Dans cet article, je déroge à ma petite règle personnelle. Je décris, pour une partie, ce qui est ma démarche et surtout sur quoi elle repose en ma qualité d'athée. Je dis bien en partie, parce qu'elle ne se résume pas à cela.
 
Dans l'article qui suivra, demain, je vous présente une étude faite par un frère de la GLNF qui a, quant à lui, une démarche complètement différente car théiste.  Un article qui est un peu plus "savant" que celui que je vous propose aujourd'hui que voici : http://lamaconne.over-blog.com/2014/09/la-mysterieuse-relation-au-bien.html
Je suis athée.

Comment devient-on athée.

Je ne me suis pas levée un matin en décidant de devenir athée.

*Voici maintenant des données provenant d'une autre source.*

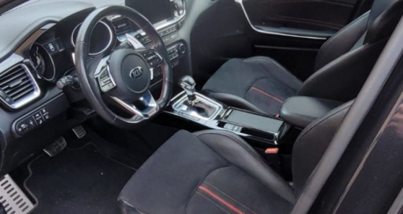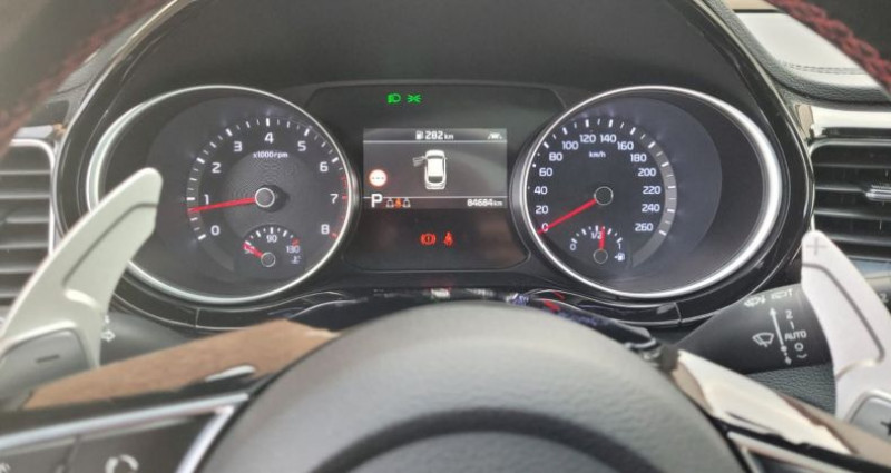 OPTIONS ET ÉQUIPEMENTS : Audio - Télécommunications : - Prise USB à charge accélérée sur la partie inférieure de la planche de bord - Radio MP3, 6 haut-parleurs (dont 2 tweeters), avec commandes au volant Conduite : - Allumage automatique des projecteurs - Assistance au démarrage en côte - Capteur de pluie - Frein de stationnement électronique (EPB) - Limiteur de vitesse - Palettes de changement de rapports au volant Couleur : - Peinture métallisée Extérieur : - Caméra de recul avec lignes de guidage actives - Compartiments de rangement sous le plancher de coffre - Double sortie d'échappement - Feux arrière à LED - Feux de jour à LED - Hayon à ouverture électrique mains-libres - Jantes en alliage 18 pouces - Ligne de vitrage chromée - Projecteurs Full LED - Radars de stationnement arrière - Rétroviseurs extérieurs rabattables électriquement avec répétiteur de clignotant LED - Vitres arrière et lunette arrière surteintées Intérieur : - Accoudoir central avant coulissant avec coffre de rangement - Banquette arrière rabattable 40/20/40 - Climatisation automatique bi-zone - Direction à assistance électrique asservie à la vitesse - Lève-vitres électriques avant et arrière, séquentiels et antipincement - Ordinateur de bord - Pare-soleil avec miroir de courtoisie illuminé conducteur et passager - Poches aumônières au dos des sièges avant - Pommeau de levier de vitesses en cuir - Pédalier et repose-pied aspect aluminium - Réglages lombaires électriques sur sièges AV - Rétroviseur intérieur électrochrome - Sellerie GT cuir/suédine noir avec surpiqûres rouges - Siège conducteur réglable en hauteur - Siège conducteur à réglages électrique, 4 axes, avec mémorisation (2 positions) - Siège passager avant réglable en hauteur - Sièges arrières chauffants - Sièges avant chauffants - Spots de lecture avant et arrière - Verrouillage automatique des portières en roulant - Volant chauffant - Volant cuir avec méplat - Volant réglable en hauteur et en profondeur Pack : - Appuies-tête avant et arrière règlables en hauteur - Coques de rétroviseurs noir laqué - Diffuseur arrière GT - Extracteurs d'air arrière - Ouverture et démarrage sans clé ?Smart Key? - Poignées de portes intérieures finition chrome satiné - Rétroviseurs extérieurs électriques et dégivrants - Système de fixation ISOFIX sur sièges arrière - Systèmes avancés d'aide à la conduite - Témoin d'alerte pour niveau de liquide lave-glace Sécurité : - ABS avec répartiteur électronique de freinage (EBD) - Airbags frontaux, latéraux et rideaux - Assistance active au maintien de voie - Assistance au freinage d'urgence - Contrôle de pression des pneus ( TPMS ) - Kit de dépannage en cas de crevaison - Reconnaissance des panneaux de limitation de vitesse - Système de surveillance des angles morts Autres équipements et informations : - Accoudoir central arrière avec porte-gobelets intégrés - Alerte vigilance conducteur - Appuis-tête avant réglables en inclinaison - Bacs de rangement dans les contre-portes avant et arrière - Becquet arrière avec troisième feu de stop à LED - Compteur de tableau de bord rétro-éclairé ?Supervision? avec écran couleur TFT LCD 4,2? - Connectique audio AUX et USB - Contrôle électronique de la trajectoire (ESC) - Désembuage automatique du pare-brise - Détecteur de trafic arrière - Eclairage dans le coffre - Ecran tactile couleur 10.25, système de navigation avec cartographie Europe, services connectés TomTom LIVE offerts pendant 7 ans, compatibilité Android Auto et Apple CarPlay - Grille de calandre noir laqué avec entourage chrome fumé - Inserts noir laqué au niveau de la console centrale et des ouïes d'aération du tableau de bord - Moulures de bas de portes avec insert rouge - Prise 12 volts sur la partie inférieure de la planche de bord - Système audio premium JBL comprenant 8 hauts-parleurs dont 2 tweeters, un caisson de basse et un amplificateur externe - Système de gestion intelligente des feux de route (HBA) - Système de téléphonie mains-libres Bluetooth avec reconnaissance vocale et fonction streaming audio (selon compatibilité du téléphone) - Système télématique UVO Connect offert pendant 7 ans - Sélecteur de conduite DRIVE MODE (Normal ou Sport) - Toit vitré ouvrant / entrebâillant électriquement, avec rideau occultant électrique

Je le suis. Tout simplement. Cela fait d'ailleurs partie des choses que nous sommes sans que nous y mettions un nom, sans même chercher à le devenir, sans même d'ailleurs vraiment savoir comment nous le sommes devenus. Je n'ai pas eu de prise de conscience douloureuse et brutale … J'ai été baptisée, j'ai même reçu quelques années durant une instruction religieuse et je suis issus d'une famille qui pour une partie compte des religieux (prêtres et sœurs catholiques).

A l'adolescence et un peu plus tard, je fus considérée comme franchement hostile à la religion familiale (catholique) pour sortir au bout de 15 mn de l'église et attendre sagement ma petite famille dehors. Or, le problème n'était pas vraiment la religion – ou la cérémonie elle-même – je ne croyais pas en dieu et n'avait aucun intérêt à rester écouter un sermon sur ladite grandeur et omniprésence de dieu en moi.

Devenant adulte, les choses du côté de ma famille en sont restées là. On semble s'être fait à l'idée que je sois absente lors des enterrements religieux et de me trouver à la sortie prête à accompagner un cercueil, à ne pas faire de signe de croix à tout bout de champ, et à refuser la communion.

Pour avoir une religion, la condition est d'être croyant... enfin, je ne connais pas d'athée qui ont en une. Je connais cependant des croyants qui n'en ont pas.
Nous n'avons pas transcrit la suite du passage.